2) Several persons explained, in English, French and Norwegian, the statue of the Norwegian Rollo across from the Sons of Norway Lodge in Fargo. (Rollo had much to do with the history of the French province of Normandy.) (The inscription on the statue in Fargo: “Rollon. Born 860 A.D. at More, Norway. Founded the Dukedom of Normandy 911. His line through William the Conqueror became the Royal House of England 1066 and of Norway 1905.”)
3) Parishioners at the rural Wild Rice ND parish of St. Benoit (Benedict) gave a most interesting tour of their Church, center of a community with a rich and long French-Canadian heritage.
4) Dan Truckey, Director, Beaumier Heritage Center, Northern Michgian University, Marquette and Dave Bezotte, Archivist, Michigan Technological University, Houghton, gave a workshop, and performed French-Canadian music for the group.
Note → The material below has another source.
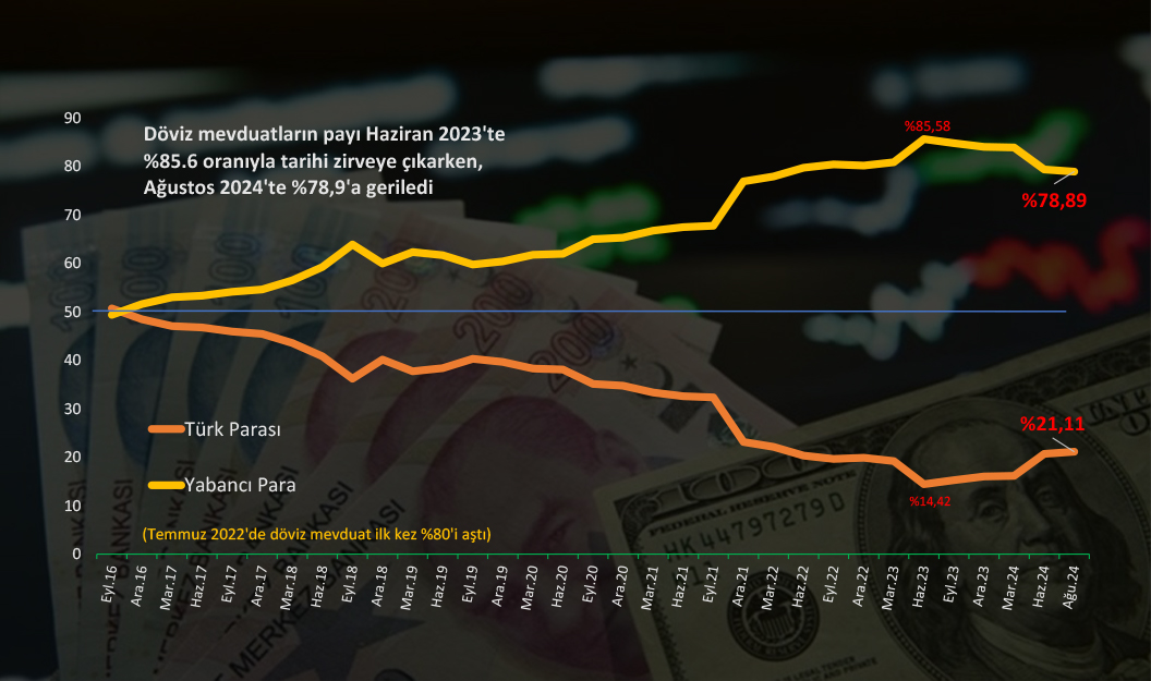 KKTC Merkez Bankası verilerine göre, Eylül 2016’da döviz hesapları ilk kez TL hesaplarını geçerken, o günden bugüne dövizin krallığı sürüyor. Ağustos 2024 itibarıyla bankalardaki mevduat hesaplarındaki toplam paranın %78.89’u döviz cinsi hesaplarda; %21.11’i ise Türk Lirası cinsi hesaplarda tutuluyor. Ağustos sonundaki veriler; mevduatın 184 milyar 099 milyon TL’lik kısmının “Yabancı Para” (döviz) cinsinden, 49 milyar 268 milyon TL’lik kısmının ise “Türk Parası” cinsinden hesaplara yatırıldığını gösteriyor.

Both are involved in keeping French-Canadian heritage alive in the Upper Peninsula.
5) In the evening, the great Quebec group Le Vent Du Nord gave a fabulous concert. Later this month they are among a select group of world musicians performing at a major gathering in Copenhagen, Denmark. Many samples of their music can be found on YouTube, and at their website is the Sep 17, 2011, performance of Garrison Keillor’s Prairie Home Companion, on which they were guest artists.
There is, literally, no end to the potential for conversations about our heritage, and the conversations are interesting and indeed essential. We are, indeed, who we came from; and we live on in those who descend from us.
October 10, at Itasca Park, at the headwaters of the Mississippi River, we came across a family celebration. We don’t know the persons names: the elders had their first date at the headwaters in 1948. She was 17 from Osakis MN, he 21, from Floodwood MN. They married, lived and are now retired in California, and they were joined by some of their family. Their family, joined with others from many cultures, many countries and many places in the U.S., make up our collective country and world heritage.
Let us celebrate Heritage in the broadest and most positive sense.